Polymorphism's bread and butter is this type of problem.  Virtual 
lookups aren't that much worse when compared to enum flag.  Its 2 memory 
lookups and 1 jump.  Look at the surrounding code around the virtual, 
how much work is that doing comparatively?  Probably a whole lot more. 
I wouldn't prematurely optimize this sort of thing.

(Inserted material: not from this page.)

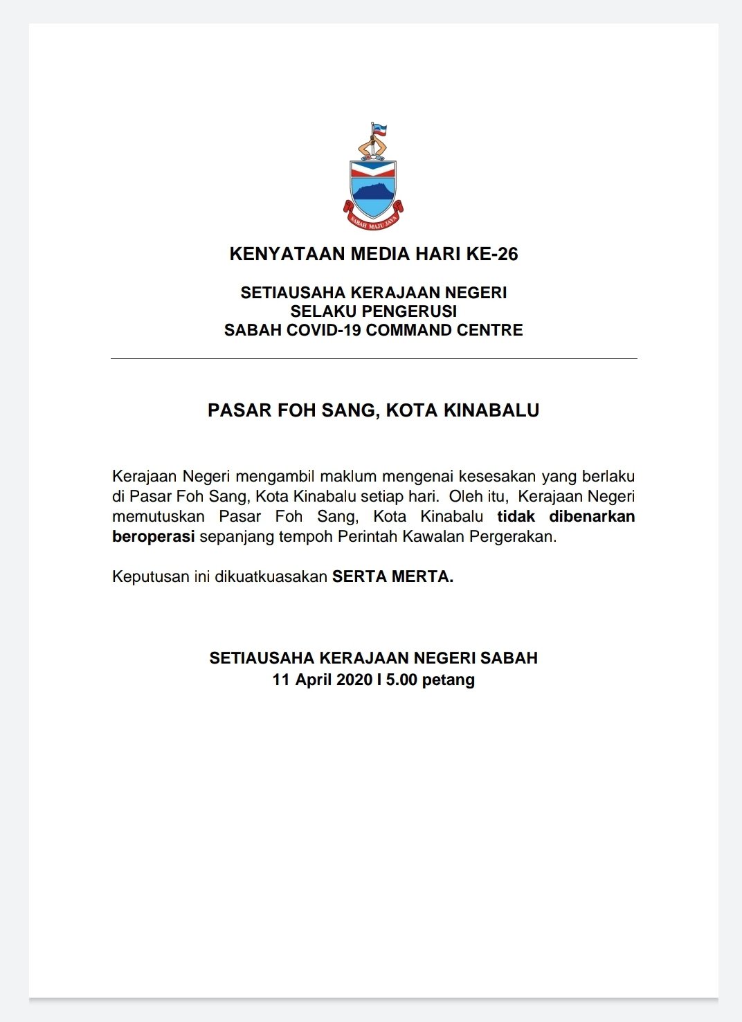 Jabatan Penerangan Negeri Sabah On Twitter Makluman Kenyataan Media Hari Ke 26 Setiausaha Kerajaan Negeri Selaku Pengerusi Sabah Covid 19 Command Centre 11 April 2020 5 00 Petang Sumber Setiausaha Kerajaan Negeri

> Another question for people designing graphic libraries : would you
> recommend to pad image rows on 32-bits ? I hardly see when this is
> useful in practice (usually it's done for efficiency reasons, but I
> don't see how this would improve speed significantly, except if
> you're trying to extract a couple of lines of an image...). The only
> advantage I see is that it permits to make fast 'ImageViews' of a
> subset of an Image without having to duplicate it. Maybe some webcams
> give padded output, and it would therefore be faster to have them
> output directly in the image ? Someone sees the main reason (I might
> be missing some thing here?)

I'm not exactly sure what sort of padding your talking about so I'll 
take a stab at what I think you mean.  I think you more or less say this 
but I'll clarify it a bit.

Its important because of how data is aligned.  If the data is not 
aligned the compiler will have to do extra work to realign the data 
before it can do work on it.  Or alternatively the software will work on 
each byte individually rather then working on the whole 32-bits at once 
(or even several 32-bits at the same time).   That's of course on a 
32-bit machine, on a 64-bit machine you might want to align to 64-bits 
in some cases.  It can make a big difference to performance since there 
are 1000s X 1000s of pixels in an image.

I hope that was helpful.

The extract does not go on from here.